Hill came at once. She always did. Vaguely Anne wondered where she secreted herself so that she was always within earshot.
“Ah, Hill, there you are. I have made a decision. I was so moved by the sight of some of my subjects this morning … so many of them poor and ill … that I have decided to bring back the custom of touching for the King’s Evil. Why, Hill, if I can bring some of those poor people back to health I should be most happy. And it is a duty.”
“Your Majesty is so good.”
“I intend to do all I can for my people, Hill.”
Hill merely nodded and turned away as though she was afraid of betraying how moved she was.
“Now, Hill, I want you to write a letter for me. My hands are troubling me today. I want you to write to Lord Godolphin. I will sign it. Tell him of my decision. Now what shall we say. ‘This is our will and pleasure.…’ ”

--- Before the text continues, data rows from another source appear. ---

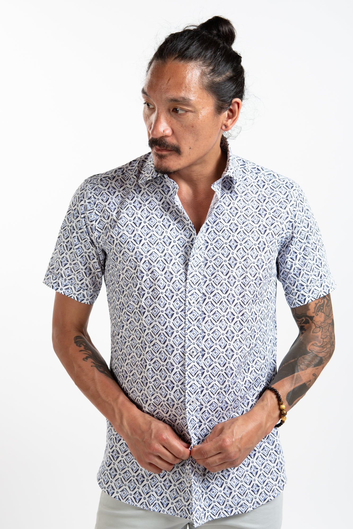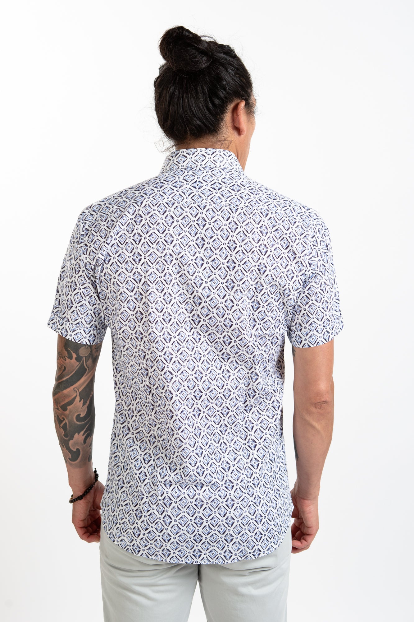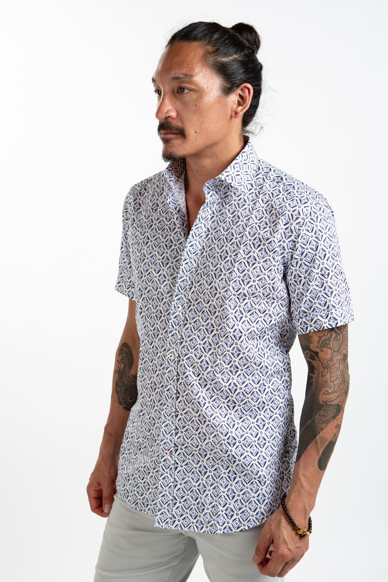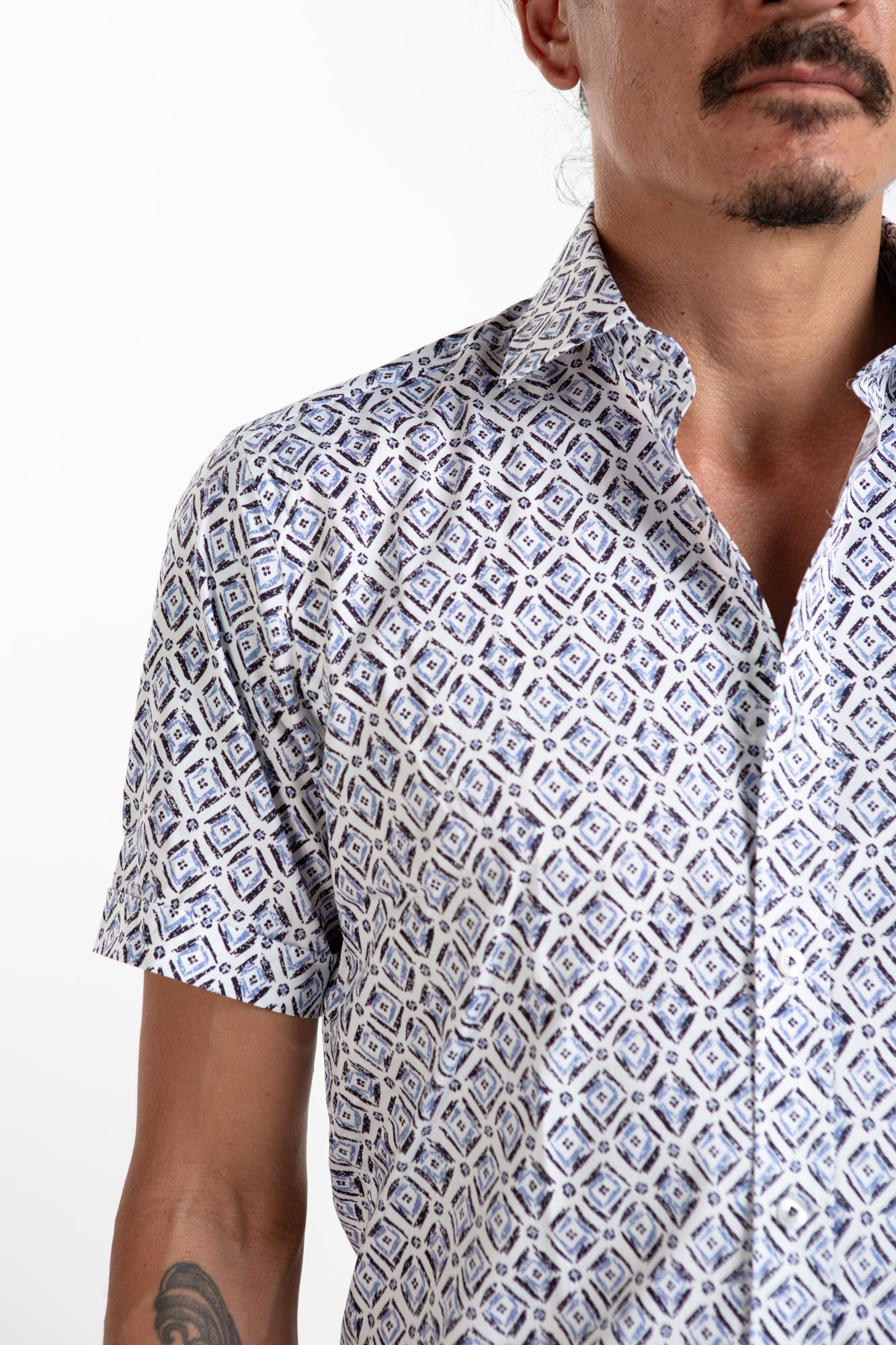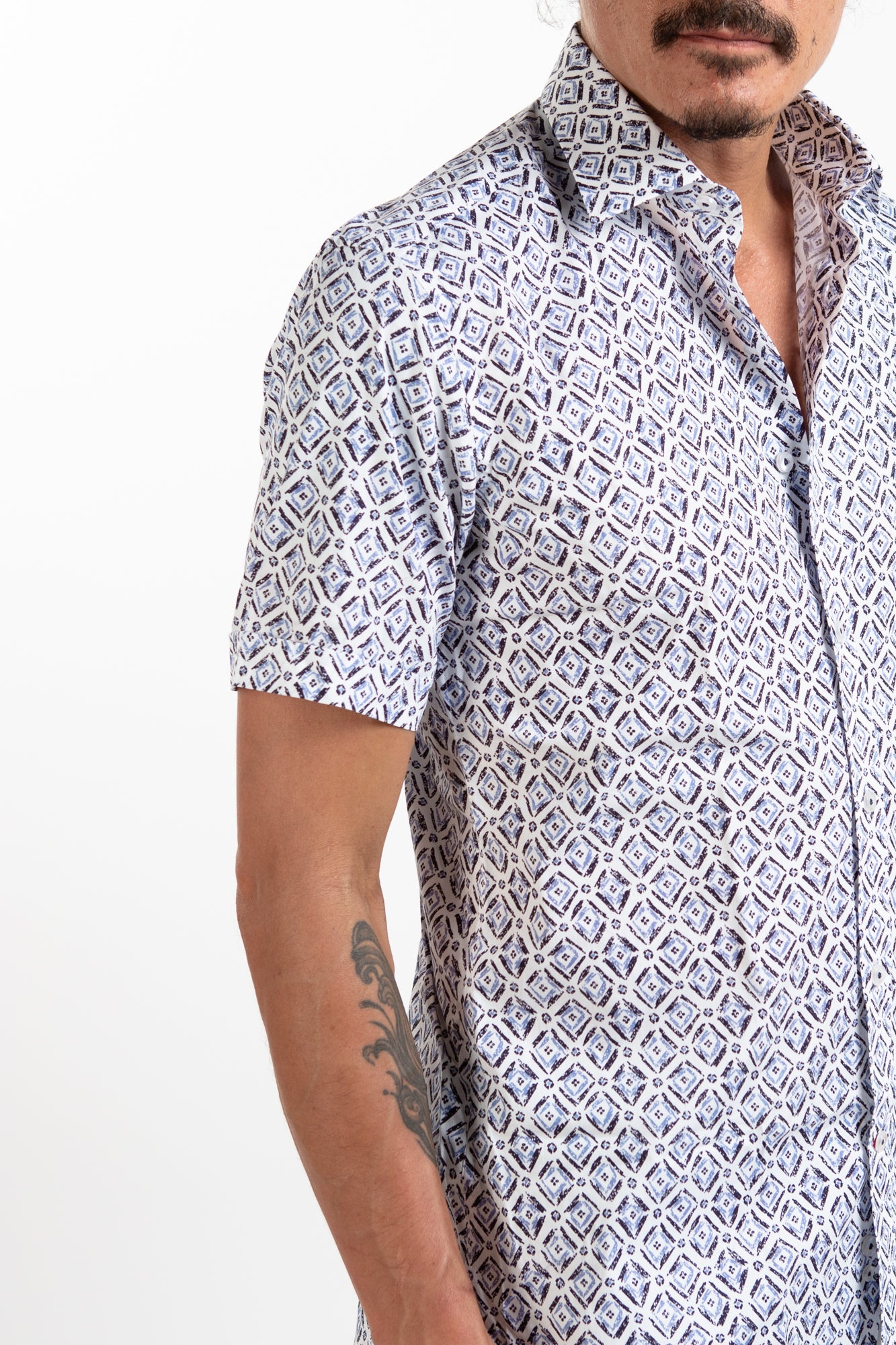 Are you ready to show off your summer fun? Our SHORT SLEEVE SHIRT - RETICOLO is here to add pizzazz to your wardrobe! Crafted from 100% cotton, this button up print shirt will be sure to dress up any everyday look. Get ready to turn heads and be the talk of the town! (In a good way, of course!)
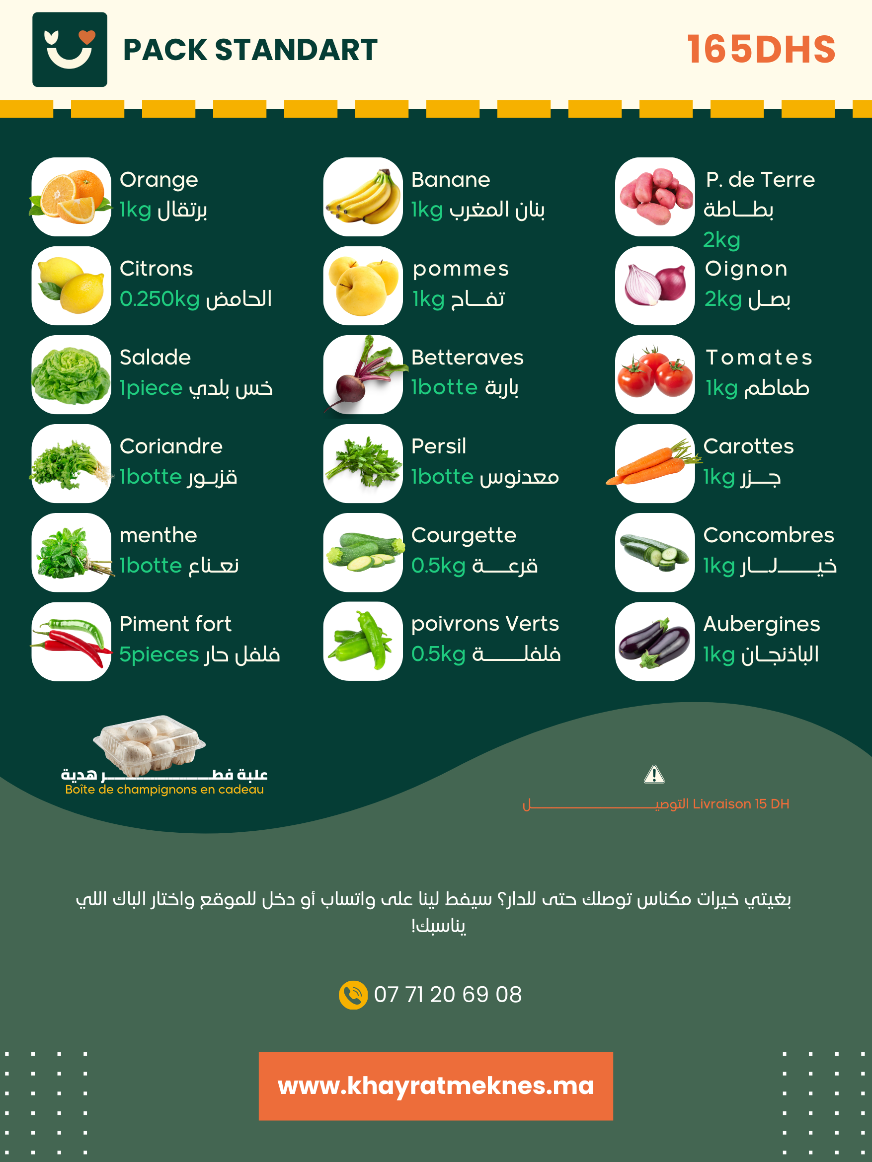 - التوصيل 15 درهم إلا كان الطلب أقل من 249 درهم 🟡
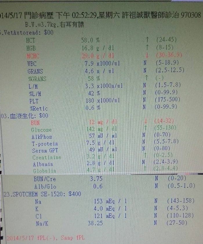 剛入院的時候,肝腎指數異常,貓可能是因為TNR貓咪緊張還有不舒服,所以進食量太少導致,所以先上點滴,穩定各項指數與身體機能,大概2-3天後,貓咪必較不緊張了,也開始有少量進食,這時候醫生開始嘗試幫貓咪清理耳朵與點耳藥,本來很擔心,因為貓咪太緊張(哈氣,打人),可能無法醫療,但是意外的,貓咪在清理耳朵與點藥的時候會定格,可能知道醫生叔叔與阿姨都是好人要幫他治病,所以忍住不發飆.......
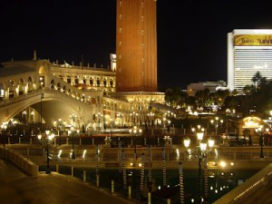 Hotel Treasure con los canales del Hotel Venetian en primer plano.
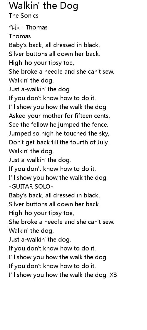 | Walkin' the dog, | |
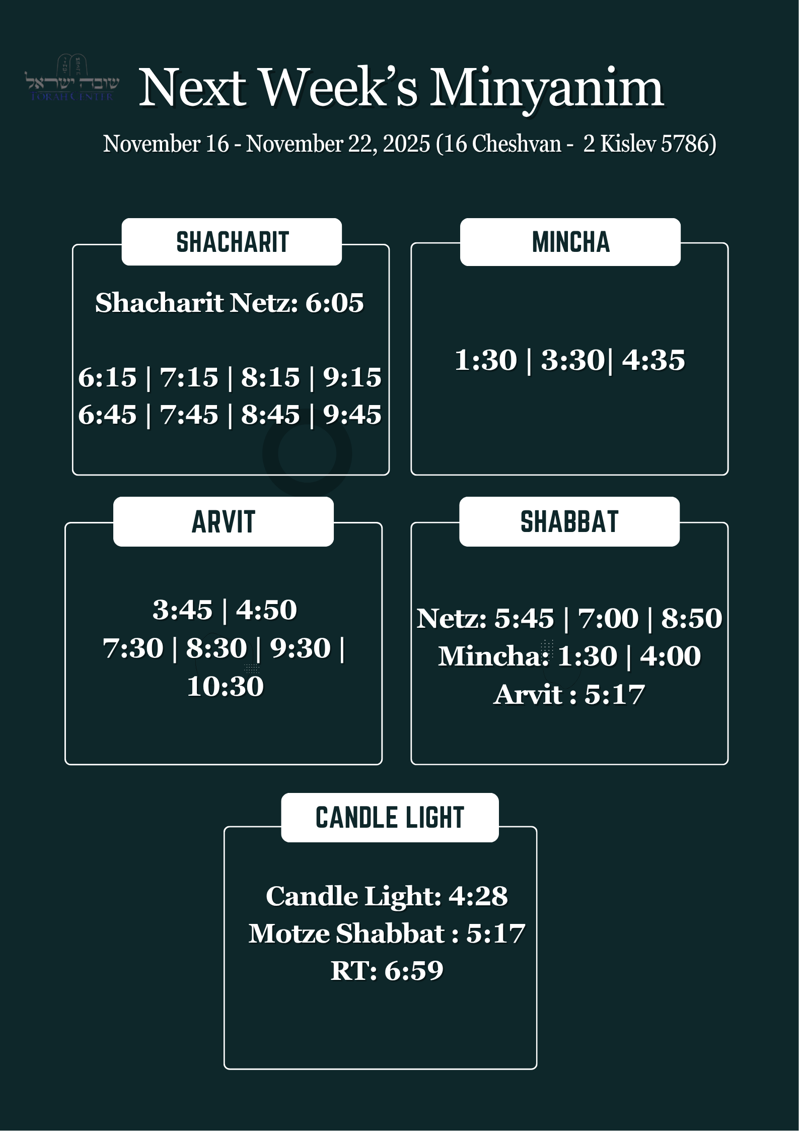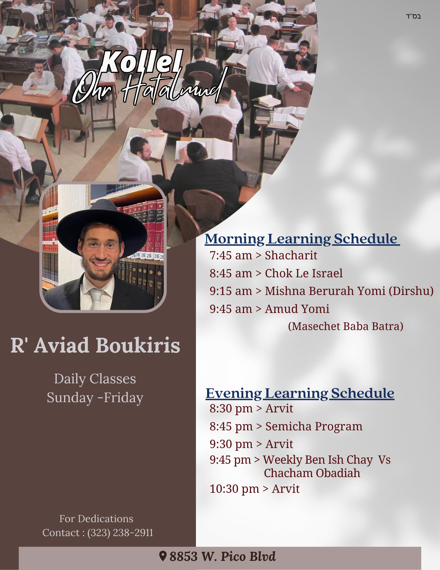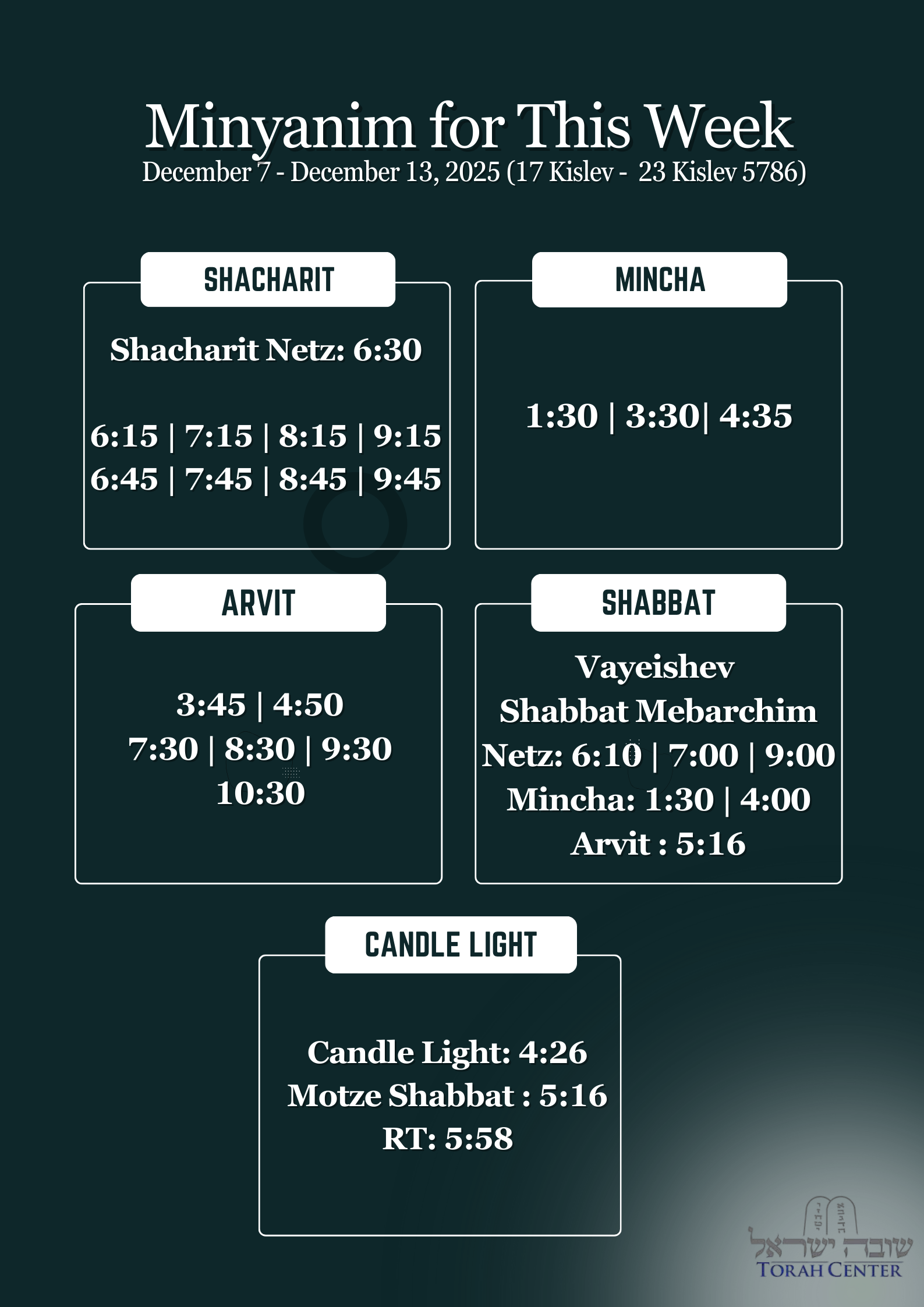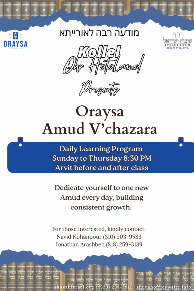 Amod Yomi 5:45 | 7:00 | 8:00 | 9:00 | 9:30 | 10:00
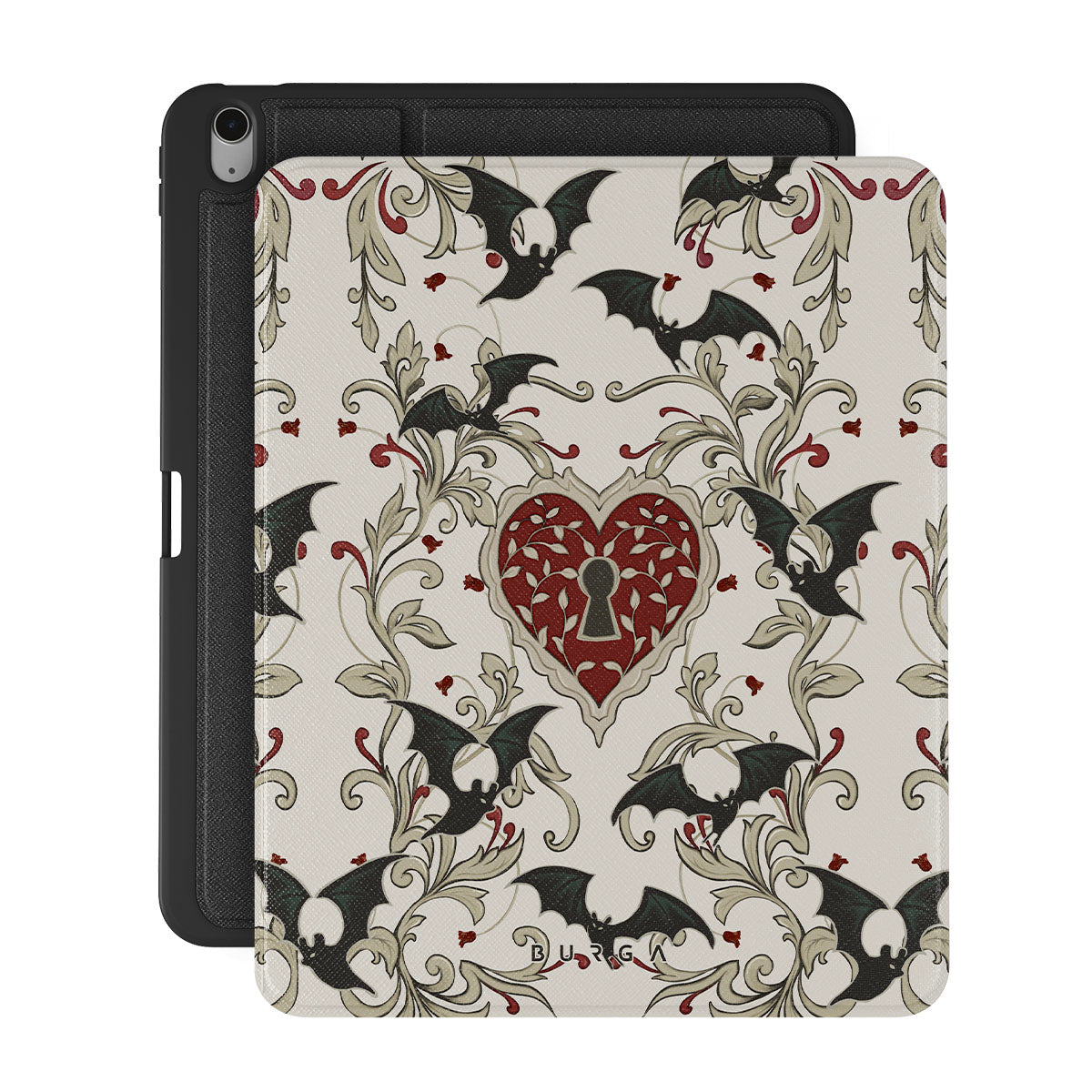 Este design contém: coração, cadeado, morcegos, motivos góticos
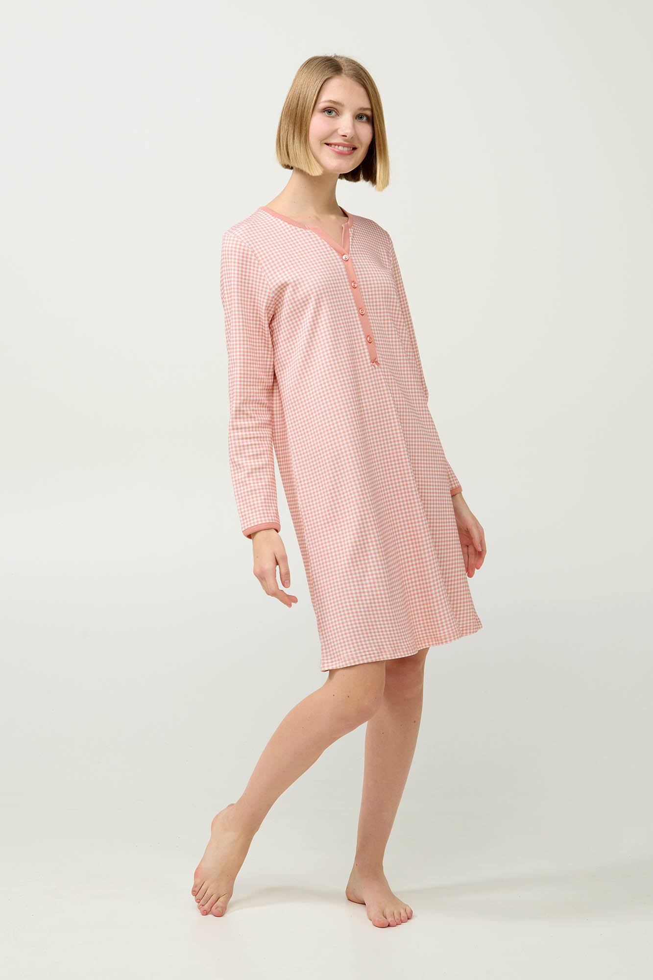 Απολαύστε τη ζεστασιά και την άνεση αυτού του νυχτικού, κατασκευασμένου από 100% βαμβάκι interlock για απαλή και διαπνέουσα αίσθηση. Σχεδιασμένο για τον χειμώνα, διαθέτει πατιλέτα για εύκολη εφαρμογή και μακριά μανίκια. Το θηλυκό ροζ καρό μοτίβο προσθέτει μια χαριτωμένη πινελιά, κάνοντάς το ιδανική επιλογή για ήσυχες νύχτες και χαλαρά πρωινά. Ένα διαχρονικό κομμάτι που συνδυάζει πρακτικότητα και στυλ για καθημερινή άνεση.

“Our will and pleasure …” wrote Abigail.
Anne smiled at the head bent over the paper. Small, and meek. Dear Hill, she never argued; she never attempted to advise.
What a comfort she was! And how peaceful it was living with such a creature in close attendance.
Anne was seated in the Banqueting Hall in St. James’s Palace. About her chair were the officials and her chaplains. The sick and the infirm were crowding into the hall and they gazed at her with adoration. She felt happier than she had since the death of her son.